Records contained in a dataset
- Opening Delimiter -
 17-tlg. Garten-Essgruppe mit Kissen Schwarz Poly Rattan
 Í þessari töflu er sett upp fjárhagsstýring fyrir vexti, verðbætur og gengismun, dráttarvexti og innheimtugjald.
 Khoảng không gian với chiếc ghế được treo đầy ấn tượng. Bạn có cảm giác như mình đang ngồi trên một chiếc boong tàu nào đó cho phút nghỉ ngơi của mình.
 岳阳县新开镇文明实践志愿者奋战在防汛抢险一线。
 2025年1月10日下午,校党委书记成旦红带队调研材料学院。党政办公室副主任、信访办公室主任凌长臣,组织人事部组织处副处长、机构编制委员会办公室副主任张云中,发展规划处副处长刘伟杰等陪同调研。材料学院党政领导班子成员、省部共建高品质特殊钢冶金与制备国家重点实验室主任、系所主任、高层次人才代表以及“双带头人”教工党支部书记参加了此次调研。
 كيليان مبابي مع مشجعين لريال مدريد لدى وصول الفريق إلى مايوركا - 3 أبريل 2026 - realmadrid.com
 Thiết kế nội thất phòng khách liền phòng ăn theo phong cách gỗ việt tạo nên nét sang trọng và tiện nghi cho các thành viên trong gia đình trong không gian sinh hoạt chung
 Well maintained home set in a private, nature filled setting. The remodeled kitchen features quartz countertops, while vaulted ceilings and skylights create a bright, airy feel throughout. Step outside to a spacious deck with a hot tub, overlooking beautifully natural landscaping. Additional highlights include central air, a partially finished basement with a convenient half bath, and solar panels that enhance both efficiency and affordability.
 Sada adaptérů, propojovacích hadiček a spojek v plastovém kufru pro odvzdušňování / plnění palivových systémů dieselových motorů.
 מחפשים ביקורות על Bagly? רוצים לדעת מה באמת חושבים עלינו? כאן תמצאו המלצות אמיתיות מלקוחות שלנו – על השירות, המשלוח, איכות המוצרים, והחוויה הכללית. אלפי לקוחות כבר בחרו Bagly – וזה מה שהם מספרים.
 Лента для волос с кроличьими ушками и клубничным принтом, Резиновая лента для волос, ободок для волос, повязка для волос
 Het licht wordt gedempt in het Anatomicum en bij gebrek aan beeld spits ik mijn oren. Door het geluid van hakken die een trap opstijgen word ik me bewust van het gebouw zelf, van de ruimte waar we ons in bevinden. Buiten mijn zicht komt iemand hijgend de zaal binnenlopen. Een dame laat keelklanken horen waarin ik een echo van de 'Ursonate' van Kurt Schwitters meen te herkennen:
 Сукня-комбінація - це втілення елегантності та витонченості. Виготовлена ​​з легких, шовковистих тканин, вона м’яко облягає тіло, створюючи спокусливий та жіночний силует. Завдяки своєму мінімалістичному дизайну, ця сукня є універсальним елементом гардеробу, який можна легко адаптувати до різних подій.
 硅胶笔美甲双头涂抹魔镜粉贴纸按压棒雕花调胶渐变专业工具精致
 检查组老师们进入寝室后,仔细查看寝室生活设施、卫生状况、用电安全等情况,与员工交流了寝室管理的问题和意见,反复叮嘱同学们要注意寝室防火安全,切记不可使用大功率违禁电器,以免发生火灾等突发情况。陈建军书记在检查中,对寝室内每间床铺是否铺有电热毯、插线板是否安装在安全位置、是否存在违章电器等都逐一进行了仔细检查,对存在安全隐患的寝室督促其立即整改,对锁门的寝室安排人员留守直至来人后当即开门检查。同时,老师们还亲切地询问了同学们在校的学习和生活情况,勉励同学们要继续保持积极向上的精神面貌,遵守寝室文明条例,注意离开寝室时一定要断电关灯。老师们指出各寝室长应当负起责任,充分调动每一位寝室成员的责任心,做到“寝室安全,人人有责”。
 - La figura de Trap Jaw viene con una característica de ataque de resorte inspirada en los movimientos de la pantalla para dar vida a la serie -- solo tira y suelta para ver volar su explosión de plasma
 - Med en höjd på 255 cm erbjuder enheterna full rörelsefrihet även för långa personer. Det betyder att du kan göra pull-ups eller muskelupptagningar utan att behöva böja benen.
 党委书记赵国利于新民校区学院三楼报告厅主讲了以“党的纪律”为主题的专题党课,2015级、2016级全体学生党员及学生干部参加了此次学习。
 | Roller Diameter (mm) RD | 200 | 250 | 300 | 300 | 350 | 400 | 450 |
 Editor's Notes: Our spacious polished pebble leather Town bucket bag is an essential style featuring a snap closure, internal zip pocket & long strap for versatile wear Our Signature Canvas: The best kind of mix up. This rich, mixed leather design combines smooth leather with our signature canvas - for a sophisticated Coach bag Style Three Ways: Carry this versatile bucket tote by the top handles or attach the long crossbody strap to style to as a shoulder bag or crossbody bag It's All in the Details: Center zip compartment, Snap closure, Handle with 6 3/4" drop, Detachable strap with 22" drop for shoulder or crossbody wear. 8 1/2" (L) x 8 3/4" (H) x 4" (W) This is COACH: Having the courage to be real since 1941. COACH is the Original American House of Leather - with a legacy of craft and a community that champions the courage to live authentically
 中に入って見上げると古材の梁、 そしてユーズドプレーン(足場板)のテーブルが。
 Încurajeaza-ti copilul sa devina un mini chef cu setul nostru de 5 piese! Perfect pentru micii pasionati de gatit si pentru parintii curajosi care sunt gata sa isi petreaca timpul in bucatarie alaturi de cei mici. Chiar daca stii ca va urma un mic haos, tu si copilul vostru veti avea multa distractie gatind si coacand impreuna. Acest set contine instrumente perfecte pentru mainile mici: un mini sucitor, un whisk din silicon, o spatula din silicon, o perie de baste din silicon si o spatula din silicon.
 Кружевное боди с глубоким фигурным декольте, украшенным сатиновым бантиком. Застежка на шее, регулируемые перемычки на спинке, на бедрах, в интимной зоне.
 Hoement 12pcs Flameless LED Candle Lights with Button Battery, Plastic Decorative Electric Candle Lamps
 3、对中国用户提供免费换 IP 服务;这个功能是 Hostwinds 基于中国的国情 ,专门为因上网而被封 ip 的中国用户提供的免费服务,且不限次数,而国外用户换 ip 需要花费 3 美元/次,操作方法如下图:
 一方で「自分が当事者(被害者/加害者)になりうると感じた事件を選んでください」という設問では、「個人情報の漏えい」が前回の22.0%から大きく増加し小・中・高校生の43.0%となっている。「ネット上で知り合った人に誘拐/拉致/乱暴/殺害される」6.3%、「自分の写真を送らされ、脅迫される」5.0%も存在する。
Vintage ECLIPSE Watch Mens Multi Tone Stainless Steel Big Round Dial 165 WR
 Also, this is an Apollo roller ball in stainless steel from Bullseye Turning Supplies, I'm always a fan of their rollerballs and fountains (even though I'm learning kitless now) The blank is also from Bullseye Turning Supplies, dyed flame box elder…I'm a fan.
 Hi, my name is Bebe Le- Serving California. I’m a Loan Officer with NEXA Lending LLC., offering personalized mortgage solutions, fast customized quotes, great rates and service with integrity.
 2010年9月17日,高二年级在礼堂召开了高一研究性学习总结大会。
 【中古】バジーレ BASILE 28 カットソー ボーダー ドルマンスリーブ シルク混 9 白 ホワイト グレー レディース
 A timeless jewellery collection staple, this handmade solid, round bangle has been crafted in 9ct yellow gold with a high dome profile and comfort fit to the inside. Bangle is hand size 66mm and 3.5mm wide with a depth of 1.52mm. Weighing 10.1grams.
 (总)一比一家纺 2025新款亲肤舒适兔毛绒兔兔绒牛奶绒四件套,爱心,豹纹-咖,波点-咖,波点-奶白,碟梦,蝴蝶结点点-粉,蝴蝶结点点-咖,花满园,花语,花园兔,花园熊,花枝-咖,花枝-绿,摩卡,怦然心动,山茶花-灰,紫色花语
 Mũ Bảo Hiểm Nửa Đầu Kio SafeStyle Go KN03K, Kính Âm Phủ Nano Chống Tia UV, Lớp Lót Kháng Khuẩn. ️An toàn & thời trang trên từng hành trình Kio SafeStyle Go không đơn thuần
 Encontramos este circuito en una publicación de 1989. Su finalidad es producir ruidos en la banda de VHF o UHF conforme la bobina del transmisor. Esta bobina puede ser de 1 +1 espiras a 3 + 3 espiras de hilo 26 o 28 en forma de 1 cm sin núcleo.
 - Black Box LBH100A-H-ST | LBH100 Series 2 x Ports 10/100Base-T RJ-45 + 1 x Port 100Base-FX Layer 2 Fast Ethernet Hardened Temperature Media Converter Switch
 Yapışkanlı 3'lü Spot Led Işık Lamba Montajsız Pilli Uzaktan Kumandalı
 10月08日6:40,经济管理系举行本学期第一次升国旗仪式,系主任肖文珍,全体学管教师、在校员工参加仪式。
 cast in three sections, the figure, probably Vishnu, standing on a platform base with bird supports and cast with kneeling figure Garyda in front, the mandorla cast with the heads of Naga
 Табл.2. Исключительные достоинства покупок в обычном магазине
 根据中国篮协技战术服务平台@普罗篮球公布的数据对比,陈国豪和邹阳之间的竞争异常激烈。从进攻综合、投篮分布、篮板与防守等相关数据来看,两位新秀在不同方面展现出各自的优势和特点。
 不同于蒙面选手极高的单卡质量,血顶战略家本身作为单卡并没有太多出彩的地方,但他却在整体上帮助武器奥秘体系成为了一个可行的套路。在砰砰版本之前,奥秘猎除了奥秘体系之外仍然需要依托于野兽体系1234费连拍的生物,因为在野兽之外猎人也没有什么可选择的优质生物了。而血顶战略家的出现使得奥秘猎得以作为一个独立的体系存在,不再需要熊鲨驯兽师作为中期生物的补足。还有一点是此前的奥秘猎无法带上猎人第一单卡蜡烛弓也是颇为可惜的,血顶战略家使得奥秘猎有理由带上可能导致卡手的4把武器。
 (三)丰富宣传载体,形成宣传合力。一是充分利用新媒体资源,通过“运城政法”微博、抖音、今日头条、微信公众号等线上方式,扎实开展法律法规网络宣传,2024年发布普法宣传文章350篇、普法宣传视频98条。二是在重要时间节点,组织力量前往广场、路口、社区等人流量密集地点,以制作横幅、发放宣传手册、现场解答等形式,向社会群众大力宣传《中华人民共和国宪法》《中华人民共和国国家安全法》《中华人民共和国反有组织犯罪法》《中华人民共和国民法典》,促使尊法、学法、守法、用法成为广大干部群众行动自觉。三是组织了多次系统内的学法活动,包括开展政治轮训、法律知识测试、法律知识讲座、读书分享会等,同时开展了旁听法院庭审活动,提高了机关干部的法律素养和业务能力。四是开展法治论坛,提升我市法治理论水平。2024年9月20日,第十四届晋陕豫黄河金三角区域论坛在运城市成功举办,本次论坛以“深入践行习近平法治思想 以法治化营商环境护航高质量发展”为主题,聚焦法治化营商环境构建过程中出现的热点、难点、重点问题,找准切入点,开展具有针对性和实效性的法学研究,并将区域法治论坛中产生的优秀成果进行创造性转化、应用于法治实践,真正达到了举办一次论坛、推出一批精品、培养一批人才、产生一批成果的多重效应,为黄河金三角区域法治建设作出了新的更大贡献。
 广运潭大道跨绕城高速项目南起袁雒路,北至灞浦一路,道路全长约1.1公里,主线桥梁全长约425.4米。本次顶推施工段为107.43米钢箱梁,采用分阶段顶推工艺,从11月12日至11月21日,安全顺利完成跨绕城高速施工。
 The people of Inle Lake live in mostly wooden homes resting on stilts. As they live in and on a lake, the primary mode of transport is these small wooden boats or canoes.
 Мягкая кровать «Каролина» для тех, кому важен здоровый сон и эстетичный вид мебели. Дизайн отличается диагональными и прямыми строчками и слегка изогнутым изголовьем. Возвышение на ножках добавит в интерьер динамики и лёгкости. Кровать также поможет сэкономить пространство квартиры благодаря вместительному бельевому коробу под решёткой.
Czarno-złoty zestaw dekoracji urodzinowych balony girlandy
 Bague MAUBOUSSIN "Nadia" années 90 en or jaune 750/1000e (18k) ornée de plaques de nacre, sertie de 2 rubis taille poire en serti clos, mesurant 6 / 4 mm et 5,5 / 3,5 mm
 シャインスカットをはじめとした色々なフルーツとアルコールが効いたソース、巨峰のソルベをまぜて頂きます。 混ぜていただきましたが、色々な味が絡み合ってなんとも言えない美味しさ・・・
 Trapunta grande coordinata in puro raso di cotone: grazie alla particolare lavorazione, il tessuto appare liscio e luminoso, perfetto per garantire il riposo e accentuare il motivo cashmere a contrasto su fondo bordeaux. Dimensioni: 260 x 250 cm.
- Closing Delimiter -
Wherever the line holding "- La figura" falls in the entries above, copy exactly from it through the line holding "Încurajeaza-ti copilul sa", inclusive, and add nothing.

 - La figura de Trap Jaw viene con una característica de ataque de resorte inspirada en los movimientos de la pantalla para dar vida a la serie -- solo tira y suelta para ver volar su explosión de plasma
 - Med en höjd på 255 cm erbjuder enheterna full rörelsefrihet även för långa personer. Det betyder att du kan göra pull-ups eller muskelupptagningar utan att behöva böja benen.
 党委书记赵国利于新民校区学院三楼报告厅主讲了以“党的纪律”为主题的专题党课,2015级、2016级全体学生党员及学生干部参加了此次学习。
 | Roller Diameter (mm) RD | 200 | 250 | 300 | 300 | 350 | 400 | 450 |
 Editor's Notes: Our spacious polished pebble leather Town bucket bag is an essential style featuring a snap closure, internal zip pocket & long strap for versatile wear Our Signature Canvas: The best kind of mix up. This rich, mixed leather design combines smooth leather with our signature canvas - for a sophisticated Coach bag Style Three Ways: Carry this versatile bucket tote by the top handles or attach the long crossbody strap to style to as a shoulder bag or crossbody bag It's All in the Details: Center zip compartment, Snap closure, Handle with 6 3/4" drop, Detachable strap with 22" drop for shoulder or crossbody wear. 8 1/2" (L) x 8 3/4" (H) x 4" (W) This is COACH: Having the courage to be real since 1941. COACH is the Original American House of Leather - with a legacy of craft and a community that champions the courage to live authentically
 中に入って見上げると古材の梁、 そしてユーズドプレーン(足場板)のテーブルが。
 Încurajeaza-ti copilul sa devina un mini chef cu setul nostru de 5 piese! Perfect pentru micii pasionati de gatit si pentru parintii curajosi care sunt gata sa isi petreaca timpul in bucatarie alaturi de cei mici. Chiar daca stii ca va urma un mic haos, tu si copilul vostru veti avea multa distractie gatind si coacand impreuna. Acest set contine instrumente perfecte pentru mainile mici: un mini sucitor, un whisk din silicon, o spatula din silicon, o perie de baste din silicon si o spatula din silicon.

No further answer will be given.